Please write the listing below out again exactly, leaving every picture behind.

### Data provided
****************

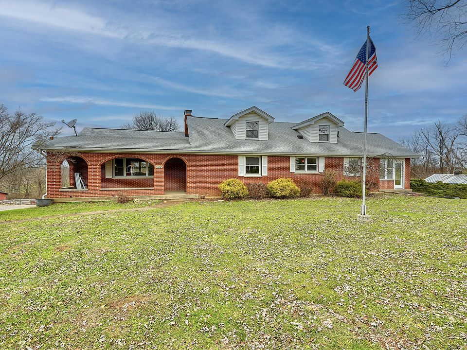 Mini Gentleman's Farm with endless possibilities on 5.77 Acres. Experience the perfect blend of country charm and everyday convenience with this exceptional all-brick Cape Cod, ideally located with easy access to I-75S and I-71S. Set on 5.77 picturesque acres, this one-of-a-kind property is ideal for horses, hobby farming, or a home-based business. The home offers 5 bedrooms and 4 full bathrooms, highlighted by a spacious, entertainer-friendly kitchen featuring granite countertops and custom upper cabinetry. Rich hardwood floors flow throughout, complemented by a custom staircase, columns, and headers, creating a warm, timeless feel. Cozy up by two wood-burning fireplaces—a stone fireplace in the Living Room and a brick fireplace in the Family Room. The Living Room also boasts a raised ceiling, adding to the home's open and airy appeal. The main-level primary suite includes a luxurious en-suite bath and walkout access to a peaceful sunroom. An additional main-floor bedroom and full bathroom provide flexibility for guests or home office needs. Custom solid alder wood doors with matching stain, a built-in pantry, and custom first- and second-floor bathrooms with Blue Pear granite flooring showcase the attention to detail throughout. The finished lower level expands the living space with a bedroom, full bathroom, kitchenette, and direct pool access through a fun bar area—perfect for entertaining. Outdoors, enjoy summer days by the in-ground pool, relax on the covered front porch, or unwind on the expansive 62' x 8' covered back porch overlooking rolling pastures and scenic grounds. Equestrians and hobbyists will love the impressive 7,000 sq ft detached barn/garage featuring 7 horse stalls, fenced pastures, a large lean-to, and even a car pit for the mechanic at heart. With quick possession available, abundant living and storage space, and thoughtful upgrades throughout, this mini farm is truly move-in ready and waiting for you to make it your own.
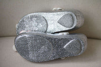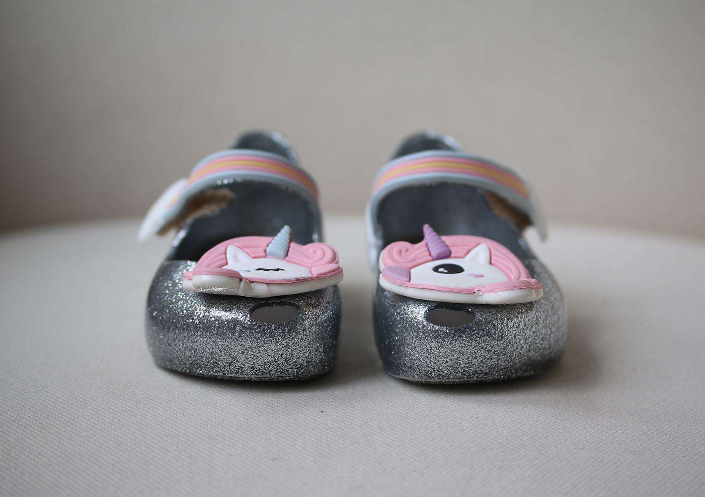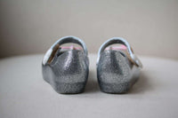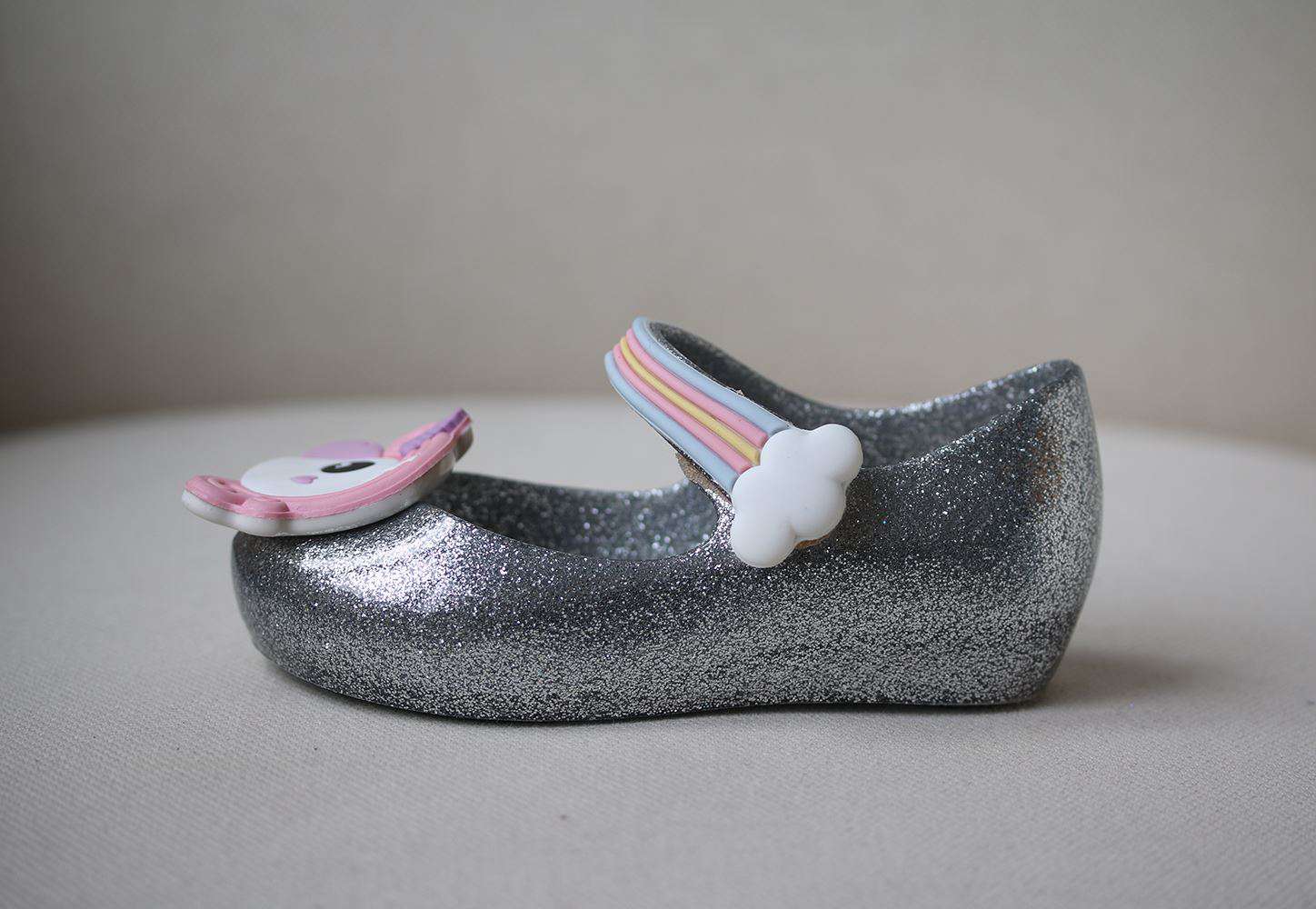 Girls silver glitter pumps by Mini Melissa. They have a unicorn character appliqué to the toes. Made in sweet scented soft and durable PVC. Peep toe detail and a hidden wedge heel. Padded inner sole and velcro fastening strap across the foot. Signature detailing to the inner sole.
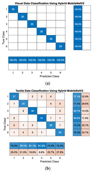 In order to produce a network with two input streams, we set an image input layer of size 224 by 224 by 6 followed by two custom-designed splitting layers separating the two input streams, i.e., visual and tactile inputs. The initial input to the network is in the form of a 6-channel image of size 224 by 224. The first three channels are allocated to RGB values of visual data, and the last three channels contain tactile data. If a visual image is to be classified, the tactile channels are set to zero and vice versa. The image input layer normalizes the input data using z-score, where the mean and standard deviation of each data channel is extracted and set from the initially trained networks. The input data passes through layers 2 to 17 of the associated MobileNetV2 layers trained on visual/tactile data. Two custom switch-scale layers, as illustrated in Figure 5, are introduced to eliminate the output of layers 2 to 17 for the stream that is not supposed to participate in classification (i.e., the stream with the input from zero-channels). The switch-scale layer takes two inputs. Input 1 is the output of the splitter layer, and input 2 takes the activations from Layer 17 of the MobileNetV2. The variance across each of the three-channel data from input 1 is measured to determine if the data for that stream corresponds to the zero channels. If the variances for all three channels are equal to zero, which means the data are from zero-channels, a zero array of the size of the activations at layer 17, i.e., 56 by 56 by 24, is generated and multiplied with the activations from layer 17 (i.e., input 2 of the switch-scale Layer). Otherwise, an array of ones of size 56 by 56 by 24 is used to keep the activations from layer 17 unchanged. The output of the two streams is then summated and passed through layers 18 to 139 with frozen weights. From layer 140 to the final layer, i.e., layer 154, as illustrated in Figure 5, the information passes through two parallel paths with finely tuned weights on the corresponding data for classification purposes. It is worth mentioning that the stitched network is only used for prediction purposes, and the weights remain unchanged. The hybrid network outputs an accuracy of 100% on visual object recognition and an accuracy of 77.63% on tactile data while achieving a compression ratio of 1.4284 (i.e., two separate networks occupy the memory of 16,644 KB while the hybrid network has a size of 11,652 KB). It is worth mentioning that this performance is comparable with the case where all layers of MobileNetV2 are tuned on tactile data (i.e., 78.57%) and is 34.76% higher than the case where all layers of the network are frozen. Figure 6a,b depicts the confusion matrix of the hybrid visuotactile object recognition architecture on visual and tactile data where the objects 1 to 6 correspond to classes: bird, chair, hand, head, plane and quadruped, respectively from the dataset described in Section 3.3.
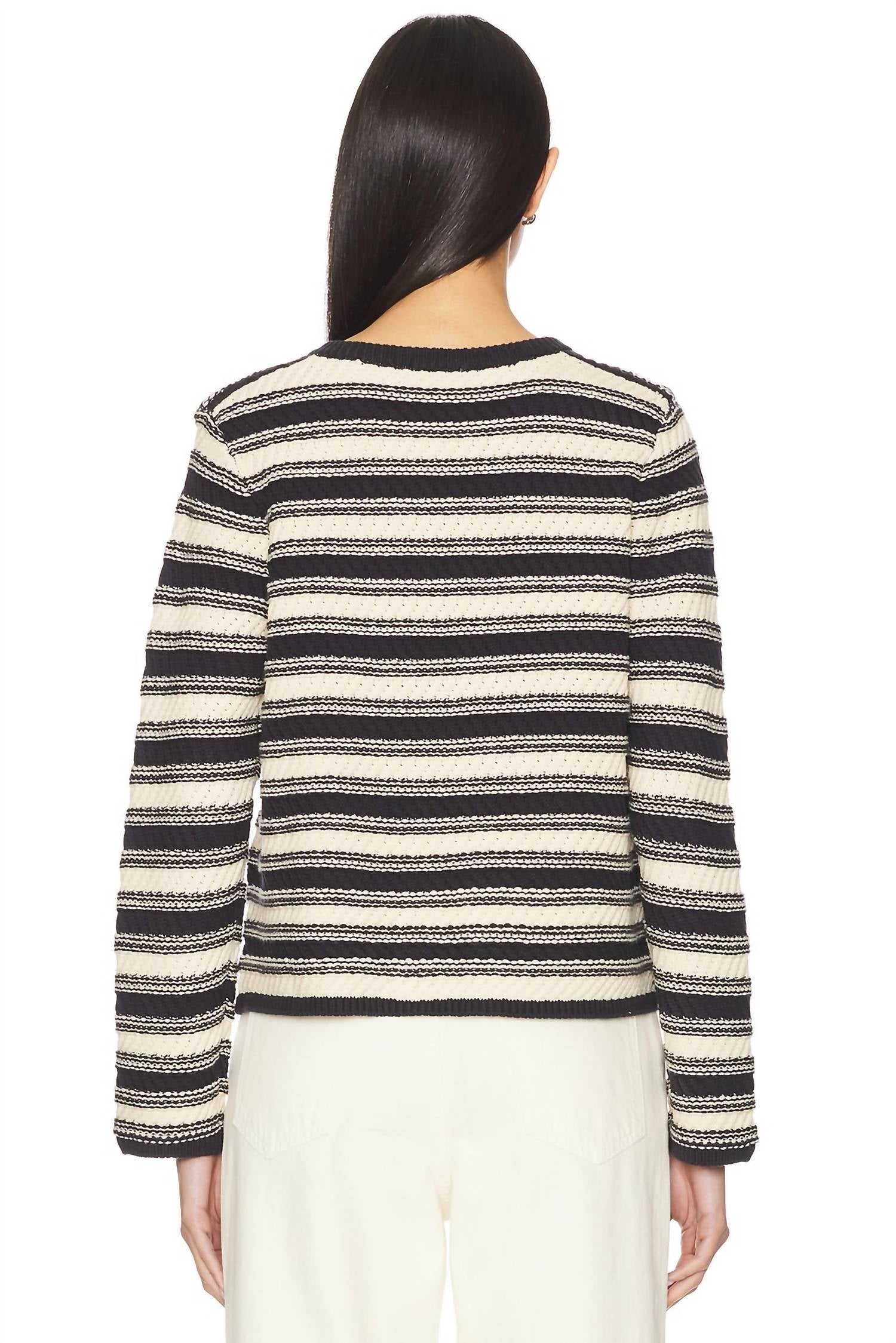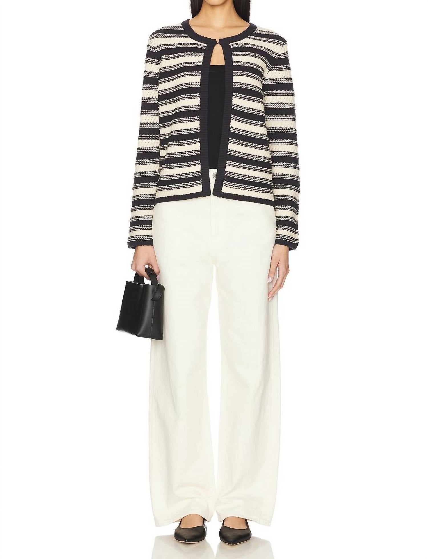 A classic fit that works just as good buttoned as it does left open. Elevate your wardrobe with the Nelly Striped Cardigan by Rails, a luxurious piece crafted for the sophisticated woman. This navy oat stripe cardigan features long sleeves and an open front, designed to drape elegantly with its medium weight knit fabric. Composition: 60% cotton, 40% acrylic. Made in China. Care: Dry clean only. Perfect for travel or Thanksgiving, this preppy piece adds timeless elegance to your fall collection.

****************

### Answer to the exercise
 Mini Gentleman's Farm with endless possibilities on 5.77 Acres. Experience the perfect blend of country charm and everyday convenience with this exceptional all-brick Cape Cod, ideally located with easy access to I-75S and I-71S. Set on 5.77 picturesque acres, this one-of-a-kind property is ideal for horses, hobby farming, or a home-based business. The home offers 5 bedrooms and 4 full bathrooms, highlighted by a spacious, entertainer-friendly kitchen featuring granite countertops and custom upper cabinetry. Rich hardwood floors flow throughout, complemented by a custom staircase, columns, and headers, creating a warm, timeless feel. Cozy up by two wood-burning fireplaces—a stone fireplace in the Living Room and a brick fireplace in the Family Room. The Living Room also boasts a raised ceiling, adding to the home's open and airy appeal. The main-level primary suite includes a luxurious en-suite bath and walkout access to a peaceful sunroom. An additional main-floor bedroom and full bathroom provide flexibility for guests or home office needs. Custom solid alder wood doors with matching stain, a built-in pantry, and custom first- and second-floor bathrooms with Blue Pear granite flooring showcase the attention to detail throughout. The finished lower level expands the living space with a bedroom, full bathroom, kitchenette, and direct pool access through a fun bar area—perfect for entertaining. Outdoors, enjoy summer days by the in-ground pool, relax on the covered front porch, or unwind on the expansive 62' x 8' covered back porch overlooking rolling pastures and scenic grounds. Equestrians and hobbyists will love the impressive 7,000 sq ft detached barn/garage featuring 7 horse stalls, fenced pastures, a large lean-to, and even a car pit for the mechanic at heart. With quick possession available, abundant living and storage space, and thoughtful upgrades throughout, this mini farm is truly move-in ready and waiting for you to make it your own.
 Girls silver glitter pumps by Mini Melissa. They have a unicorn character appliqué to the toes. Made in sweet scented soft and durable PVC. Peep toe detail and a hidden wedge heel. Padded inner sole and velcro fastening strap across the foot. Signature detailing to the inner sole.
 In order to produce a network with two input streams, we set an image input layer of size 224 by 224 by 6 followed by two custom-designed splitting layers separating the two input streams, i.e., visual and tactile inputs. The initial input to the network is in the form of a 6-channel image of size 224 by 224. The first three channels are allocated to RGB values of visual data, and the last three channels contain tactile data. If a visual image is to be classified, the tactile channels are set to zero and vice versa. The image input layer normalizes the input data using z-score, where the mean and standard deviation of each data channel is extracted and set from the initially trained networks. The input data passes through layers 2 to 17 of the associated MobileNetV2 layers trained on visual/tactile data. Two custom switch-scale layers, as illustrated in Figure 5, are introduced to eliminate the output of layers 2 to 17 for the stream that is not supposed to participate in classification (i.e., the stream with the input from zero-channels). The switch-scale layer takes two inputs. Input 1 is the output of the splitter layer, and input 2 takes the activations from Layer 17 of the MobileNetV2. The variance across each of the three-channel data from input 1 is measured to determine if the data for that stream corresponds to the zero channels. If the variances for all three channels are equal to zero, which means the data are from zero-channels, a zero array of the size of the activations at layer 17, i.e., 56 by 56 by 24, is generated and multiplied with the activations from layer 17 (i.e., input 2 of the switch-scale Layer). Otherwise, an array of ones of size 56 by 56 by 24 is used to keep the activations from layer 17 unchanged. The output of the two streams is then summated and passed through layers 18 to 139 with frozen weights. From layer 140 to the final layer, i.e., layer 154, as illustrated in Figure 5, the information passes through two parallel paths with finely tuned weights on the corresponding data for classification purposes. It is worth mentioning that the stitched network is only used for prediction purposes, and the weights remain unchanged. The hybrid network outputs an accuracy of 100% on visual object recognition and an accuracy of 77.63% on tactile data while achieving a compression ratio of 1.4284 (i.e., two separate networks occupy the memory of 16,644 KB while the hybrid network has a size of 11,652 KB). It is worth mentioning that this performance is comparable with the case where all layers of MobileNetV2 are tuned on tactile data (i.e., 78.57%) and is 34.76% higher than the case where all layers of the network are frozen. Figure 6a,b depicts the confusion matrix of the hybrid visuotactile object recognition architecture on visual and tactile data where the objects 1 to 6 correspond to classes: bird, chair, hand, head, plane and quadruped, respectively from the dataset described in Section 3.3.
 A classic fit that works just as good buttoned as it does left open. Elevate your wardrobe with the Nelly Striped Cardigan by Rails, a luxurious piece crafted for the sophisticated woman. This navy oat stripe cardigan features long sleeves and an open front, designed to drape elegantly with its medium weight knit fabric. Composition: 60% cotton, 40% acrylic. Made in China. Care: Dry clean only. Perfect for travel or Thanksgiving, this preppy piece adds timeless elegance to your fall collection.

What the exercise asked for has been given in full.